Человек еще постоял, поджидая, когда она исчезнет за поворотом, а потом двинулся следом.
Нужно посмотреть. Нельзя выпускать ситуацию из-под контроля, хотя вряд ли эта рыжая и длинная особа всерьез опасна. И все-таки нужно посмотреть.
Марине вдруг показалось, что в лунном свете у нее за спиной кто-то есть. Сердце похолодело, сжалось, словно заострилось, и стало острым краем молотить в ребра. Она остановилась, взялась рукой за шершавый и теплый ствол и быстро оглянулась.
Никого.
Ни окна, ни балкона, залитого ярким и теплым светом, отсюда, конечно, не было видно, но корт, похожий на каток, еще угадывался за деревьями, как будто успокаивал Марину – я рядом, а от меня уж и до дома рукой подать, ничего, не так уж и страшно!
Зачем и куда ее понесло?! Разве нельзя было дождаться утра?! Там и фонарей никаких нет, как она станет искать свое «вещественное доказательство»?!
«Если искать, – строго сказала она себе, – значит, надо искать сейчас. Если это убийство, значит, есть убийца. Если я стану искать у него на глазах, он догадается о том, что я все знаю».
«Он слишком много знал», всегда говорит гангстер над трупом своего бывшего друга. Любой уважающий себя гангстер рано или поздно непременно убивает своего бывшего друга, потому что тот «слишком много знал»!
Впереди блеснул пруд, и потянуло запахом гнили и застоявшейся воды. Марина выскочила на холодный песок в черных кляксах пролезшей травы и огляделась.
Лес на той стороне был темным – сплошная непроглядная чернота, а над ней, чуть светлее, ночное небо. Почти на макушках деревьев сидела луна, до воды свесив призрачные голубые ноги. Лунные ноги полоскались в воде – посередине пруд морщило и рябило, заливало неверным светом. В тишине вода тихонько плескалась под старыми мостками.
Там Марина нашла утопленника. Наверное, ночь была такой же теплой и тихой, и луна так же полоскалась в пруду, а он уже лежал там, раскрыв мертвые глаза.
Марина стиснула кулачок, так что ногти впились в мякоть ладони: «Так нельзя.
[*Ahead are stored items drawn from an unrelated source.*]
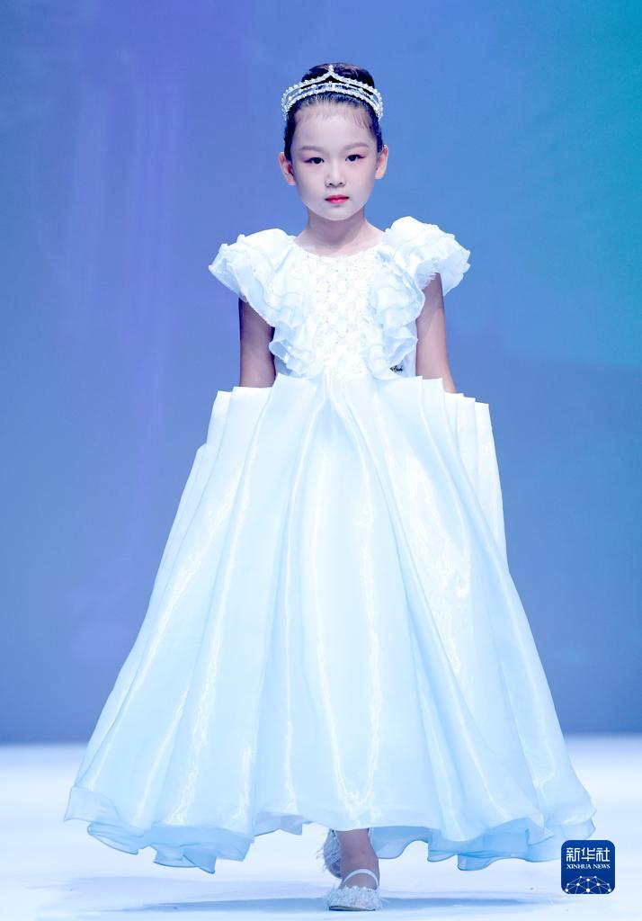 9月9日,小模特在北京中國國際時(shí)裝周(2023春夏系列)舉行的“AMORCODE”童裝發(fā)布會(huì )上展示童裝。
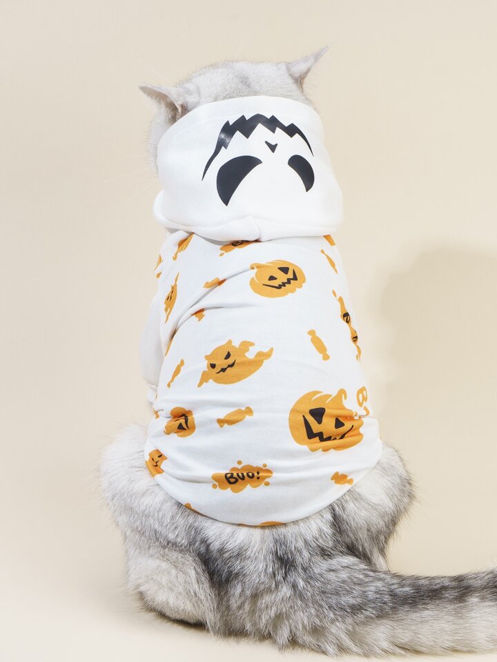 Halloween Pumpkin Print Pet Hoodie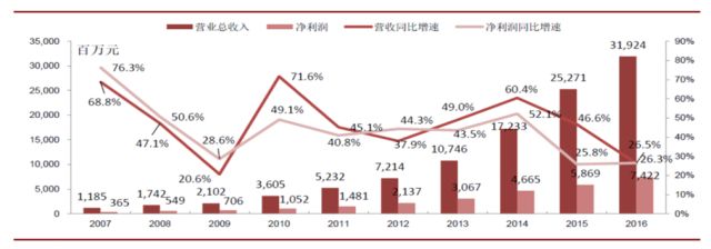 从成立之初公司就一直保持高速增长趋势,2007 年至今,公司营收从11.9 亿增长至319 亿,10年复合增长44.2%,增长26.8 倍,净利润从3.65亿增长至74.2 亿,10年复合增长39.7%,净利增长20.3 倍。

Если ты так боишься, лучше уходи».
И не двинулась с места.
В лесу вдруг что-то обвалилось, как будто треснула ветка или неловко пошевелился кто-то большой и тяжелый. Дыхание остановилось, кажется, навсегда. Марина вглядывалась в черноту, так, что в глазах зарябило.
Нужно возвращаться домой. Все равно она ничего не найдет. Если ремень валяется в траве, она ни за что его не найдет.
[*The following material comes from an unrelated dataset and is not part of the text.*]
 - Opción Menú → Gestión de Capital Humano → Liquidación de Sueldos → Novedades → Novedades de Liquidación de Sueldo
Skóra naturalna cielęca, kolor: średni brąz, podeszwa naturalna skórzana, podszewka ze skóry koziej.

Вот только она была совершенно уверена, что валяется он вовсе не в траве.
Странным голосом крикнула какая-то ночная птица, и рябь по воде как будто побежала быстрее.
Марина вытащила из песка палку – не такую ужасную, как та, которой она подгоняла к себе свою шляпу из итальянской соломки, а обычную палку, мокрую, шершавую, пахнувшую водорослями.
Какая разница, подумала она, взвешивая в руке палку, какая разница, день или ночь! Все равно то, что она ищет, нельзя увидеть просто так, с мостков. А тогда какая разница, день или ночь?
Разница была огромной.
Опираясь на палку, Марина осторожно ступила на мостки – под ними зачавкало и завздыхало, – дошла до того самого места, где смотрел на нее из-под воды утопленник, и присела на корточки.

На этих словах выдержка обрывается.